思い切り大剣を振り回し夢子に当てようとしてくる。
夢子は水たまりに足を取られ滑って転んでしまう。


夢子「キャッ!」


大剣のマモノはニヤリと笑みを浮かべたように見えた。
そして夢子に目掛け大剣を振りかざす。


夢子(…殺される…!)





ギィンッ!!!


辛うじてニーアが槍でマモノのその剣を受け止める。
しかし今は雨。
濡れた槍からマモノが吸収した雷の電撃がニーアに伝わる。


ビリビリビリ!!!



ニーア「クッ…!」


ニーアは痺れて地面に膝をつく。
感電して動けないのだ。
夢子はすぐにニーアに近寄る。

夢子「ニーアさん!」
ニーア「だめだ、夢子。今、俺に触れないほうがいい…。

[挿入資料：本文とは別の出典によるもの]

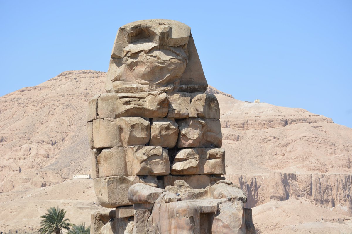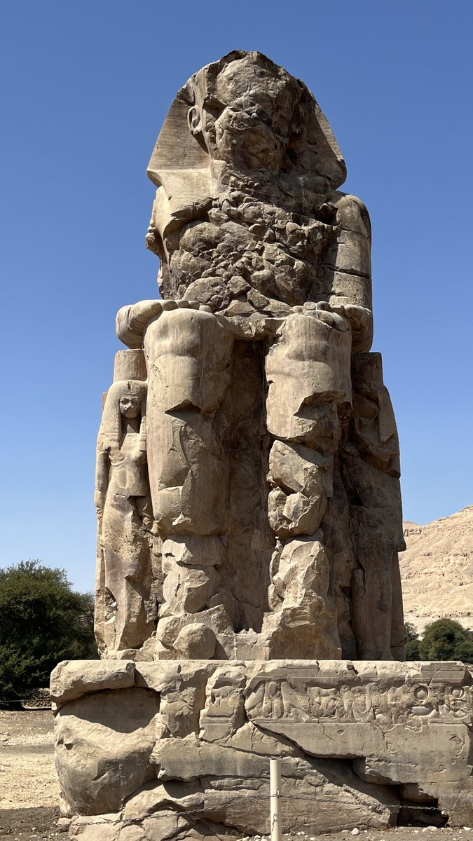 Since it just came up elsewhere today, let's take a look at this ugly face. This is one of the Memnon Colossi in Luxor—the one on the left. Its expression isn’t exactly easy to read… maybe something happened to it. But what, when, and why? (All images are in 4K—tap, tap & hold, download in 4K, and zoom in.) A 🧵 1/9

」

カイネは当たりを見回す。
そして微笑むと突然走り出す。
エミールが戸惑う。

エミール「ちょ、カイネさん!どこ行くんですか!?」
カイネ「エミール、少しの間辛抱してくれ。」
エミール「えええ!?僕一人で戦うんですかー?ひどい!」

エミールは戸惑いながらも杖を構える。

エミール「普段は遠くからちまちま攻撃してる僕だけど…本当はすごいんですからね!
     …実験兵器7号としての本気、見せましょう…!!」



夢子は痺れているニーアの傍から離れない。
心配そうに隣に座り込む。

夢子「私の不注意でこんな麻痺状態に…ごめんなさい…。」
ニーア「…大丈夫だ、あと数分も立てば動け…」


その時だった。


足音が聞こえる。

その足音は段々と近づいてきて…
四足歩行?…人の足音ではない。



カイネがイノシシに乗って走ってきたのだ。

カイネはイノシシをニーアと夢子の横で急ブレーキを掛ける。
夢子「カイネさん…この子は…。」
カイネ「私らが普段乗り回してる野生のイノシシだ。
    こういう時便利でな…よし、夢子、ニーアのこと見てくれるか?」
夢子「はい…!」
カイネ「では…」


ドサッ!!!


カイネはニーアを蹴り上げてイノシシに無理やり乗せた。
そして夢子も後ろ側に乗る。

ニーア「カイネ…一体何を…」
カイネ「コイツが安全地帯まで運んでくれるだろう。」
夢子「カイネさんとエミール君は…!?」
カイネ「私たちなら大丈夫だ。この電撃バカマモノの首獲らんと気が済まん。な、エミール。」
エミール「はい!…ニーアさんをビリビリにした罪は重い…」
カイネ「…だ、そうだ。…頼んだぞ。」


カイネはイノシシのケツを叩く。
イノシシは勢いよく走り出す。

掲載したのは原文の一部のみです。